Por: Luis E. Mejía
El camino de la diplomacia
Diciembre 02 de 2007
Hoy, en medio de esta crisis, hay que pensar que son más las cosas que nos unen con Venezuela que las
que nos separan
Tengo que admitir que en muchas oportunidades me quejé de los procedimientos de la diplomacia, me parecían insufribles las horas dedicadas a elaborar actas que al final sólo decían lo que todos querían oír, pero sin comprometer a nadie, eso sí, dicho de una manera respetuosa. Siempre pensé que esto significaba retrocesos y que al final todos salíamos como habíamos llegado. No era muy claro cuando mis colegas afirmaban que “tuvimos una excelente reunión”, yo pensaba que sólo se había perdido tiempo.
Hoy, que vivimos esta crisis, creo que estaba equivocado y la diplomacia sí logra mantener un trámite lento, pero tranquilo en las relaciones binacionales.
Pero se rompió la piola, a Chávez se le soltó toda su angustia y reaccionó de forma dramática ante el anuncio del cese de sus gestiones como mediador, gestiones transitorias y que culminaron abruptamente por violar la discreción.
Entiendo la situación de quienes tenían su esperanza en la gestión de Chávez. No obstante, la reacción de Chávez y sus declaraciones ofensivas no sólo contra Álvaro Uribe, sino contra la dignidad de su cargo y por ende la de los colombianos, imponía un desenlace como el que hemos observado.
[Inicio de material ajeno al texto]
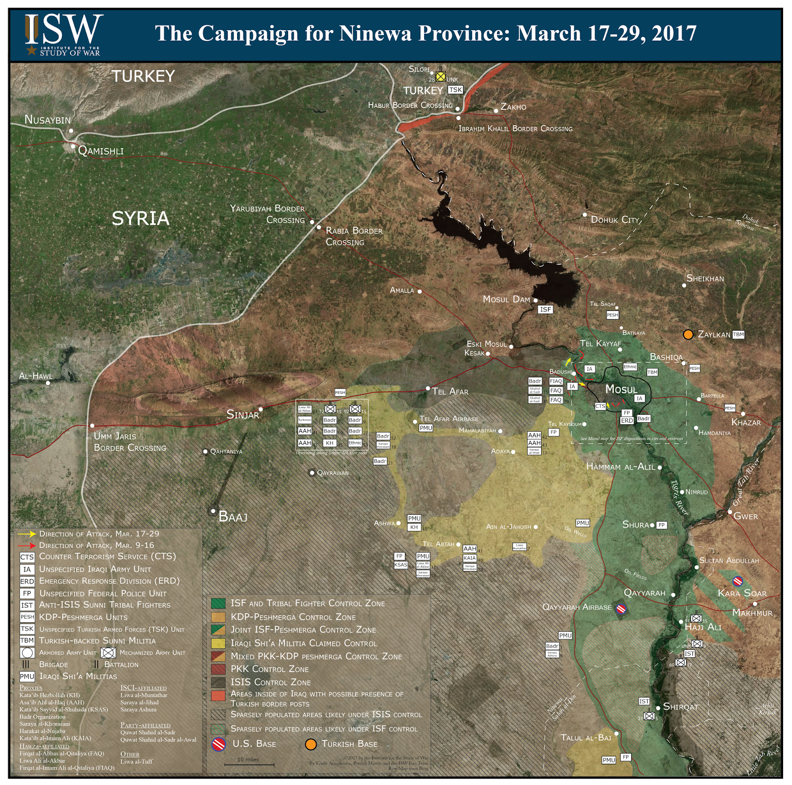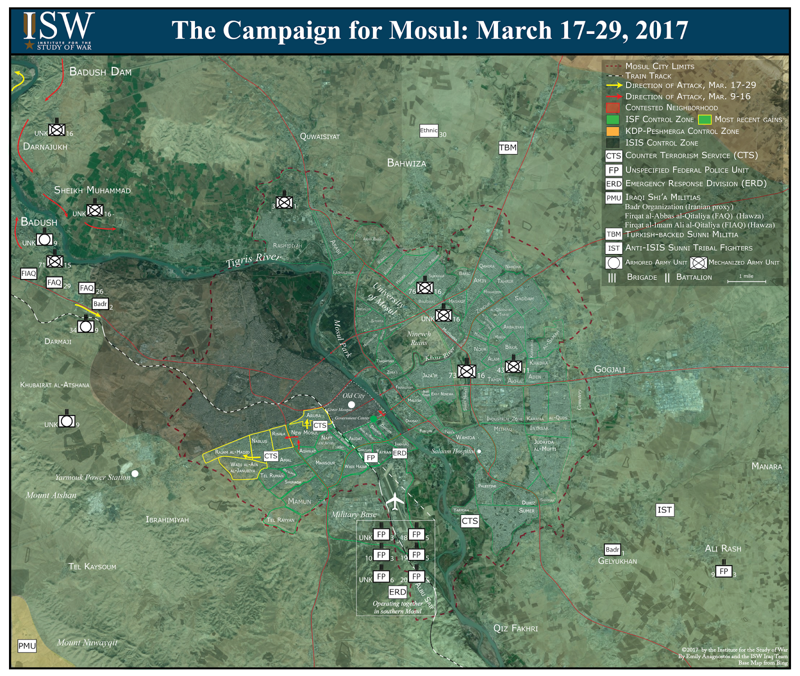 The Iraqi Security Forces (ISF) slowed its advance into western Mosul on March 26 in order to regroup and prepare for an assault on the Old City, the densest part of western Mosul in terms of both population and infrastructure. The U.S. is deploying an additional 240 soldiers to Mosul, likely to support a final push through the Old City. The ISF has also slowed its operation out of continued concerns of civilian casualties throughout the western Mosul operation. Humanitarian concerns flared when local sources claimed that a Coalition airstrike on March 17 killed as many as 200 civilians. Meanwhile, Iran is deepening the role of its proxy Badr Organization in Ninewa Province to influence the post-ISIS security and political structure in the province.

Es hora entonces de la diplomacia, hay que mantener la dignidad y exigir el respeto, pero debemos ser pragmáticos, nuestro vecino siempre estará allí, seguirá siendo nuestro vecino y hay que procurar que sea para bien.
Son muchas más las cosas que nos unen con Venezuela que aquellas que nos podrían separar y hay que buscar los caminos que nos permitan magnificar esas cosas que nos acercan.
Estoy seguro que el Gobierno estará buscando otras alternativas para buscar acercamientos que permitan una solución humanitaria al tema de los secuestrados. Seguramente, los ruidos electorales que tendrán una definición hoy serán cosa del pasado y las circunstancias ajenas a este proceso permitirán la reconstrucción de las relaciones.
Por ahora, bienvenidos los diplomáticos y bienvenida la discreción, no deben cerrarse las puertas y confiemos que la racionalidad y el respeto vuelvan a ser los protagonistas.